- Directed by: Indra Gunawan
- Screenplay by: Bagus Bramanti
- Based on: Hello Salma by Erisca Febriani
- Produced by: Gope T. Samtani
- Starring: Amanda Rawles; Jefri Nichol; Devano Danendra; Susan Sameh; Gito Gilas; Zoe Abbas Jackson; Karina Suwandi; Surya Saputra; Miranty Dewi; Naufalie;
- Cinematography: Mandela Majid
- Edited by: Ryan Purwoko
- Music by: Andhika Triyadi
- Production company: Rapi Films
- Release dates: 25 October 2018 (Indonesia); 10 September 2020 (Netflix);
- Running time: 102 minutes
- Country: Indonesia
- Language: Indonesian
- Box office: IDR31,2 billion

= Dear Nathan: Hello Salma =

Dear Nathan: Hello Salma is an Indonesian romantic drama film which was released on 25 October 2018 and directed by Indra Gunawan. A sequel to Dear Nathan, Hello Salma stars Amanda Rawles, Jefri Nichol, Devano Danendra and Susan Sameh. Like its prequel, the film is also based on Dear Nathan novel series by Erisca Febriani. Dear Nathan: Thank You Salma, the final installment in the trilogy, was released in 2022.

== Plot ==
Trying to become a better person, Nathan has quit his bad habits. But this made him a joke, so Nathan couldn't hold back his emotions when one of his friends belittled Salma.

The fight this time made Nathan have to move to another school and separate from Salma. The difference is that this separation is not a story of a long-distance relationship, but a love story between the two that really ends.

Salma was angry to see Nathan, who could not control his emotions, and without thinking, he asked to break up. Meanwhile, Nathan, who had not had time to explain anything, could not say anything other than heeding the wishes of the woman he loved.

Living life at his new school, Nathan accidentally meets a girl who has many problems. The girl is named Rebecca, and she is currently in trouble with one of the popular people at school.

Unwilling to see a group of men belittle Rebecca, Nathan is determined to fight the martial arts champion.

Luckily, Nathan's fight this time didn't get to the BP room; instead, this made Rebecca feel sorry and guilty.

This girl is surprised. Why does Nathan want to help her? Even though they had never met or known each other before. Nathan also replied that he was the same as Rebecca, only he had never thought of killing himself.

Nathan's words stunned Rebecca, especially since that day, the two of them seemed to be getting closer. This time, Nathan wanted to help Rebecca and show her that he was not alone in this world. But Rebecca misunderstood Nathan's good intentions, so the man said that he could not force his love for Rebecca.

On the other hand, Salma is under the strict supervision of her father, who wants her to enter the UI medical department. In fact, her father deliberately brought Salma closer to Ridho so that the girl would not return to Nathan.

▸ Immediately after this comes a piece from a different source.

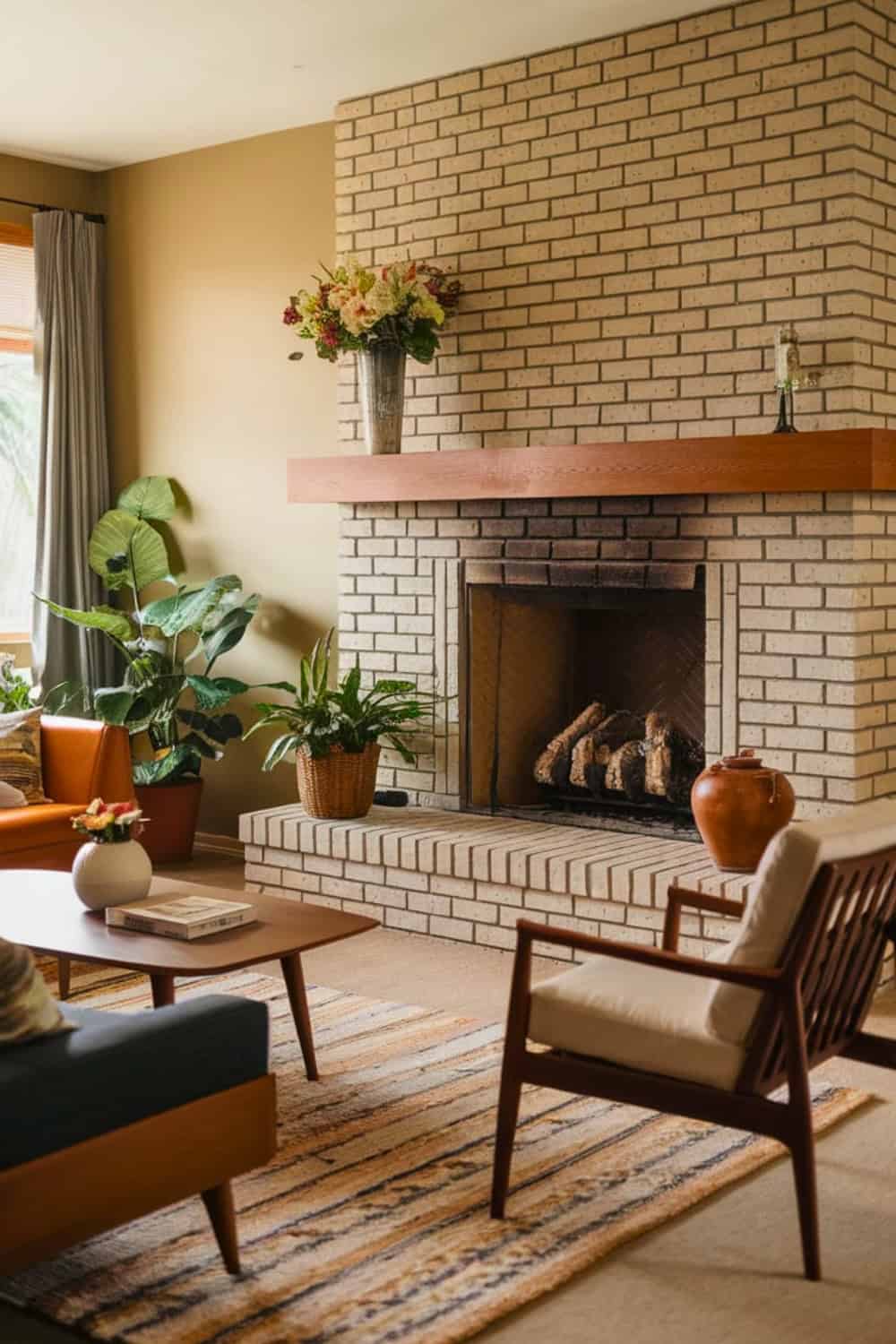 This stacked brick fireplace, featuring neutral tones, creates a warm, inviting focal point that perfectly embodies midcentury style. The floating wood mantel adds a sleek contrast.
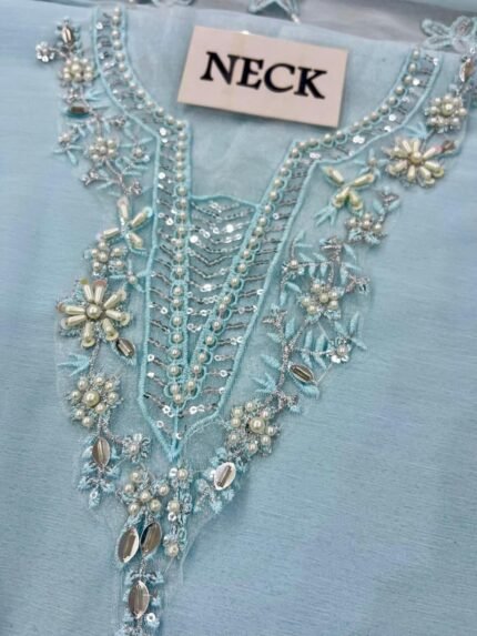 Azure Party Wear Chiffon Suit With Malai Trouser 2025

His father's pressure had taken away all his dreams. Salma got even worse when she failed to pass SNMPTN to UI. This made Salma very depressed until she met Rebecca, who opened a room for those who were depressed.

Thanks to Rebecca, Salma can slowly release her emotions when she feels insecure and loses herself. Thanks to Rebecca as well, Salma was finally reunited with her ex-boyfriend, Nathan.

Unfortunately, Ridho's presence and the absence of his father's blessing made Nathan and Salma's relationship impossible. Nathan even got arrested at the police station because he was accused of kidnapping Salma, who actually ran away from home.

== Release ==
Hello Salma was theatrically released in Indonesia on 25 October 2018. The film's trailer premiered on 14 September 2018. The film was also released through the streaming service Netflix in selected countries on 10 September 2020.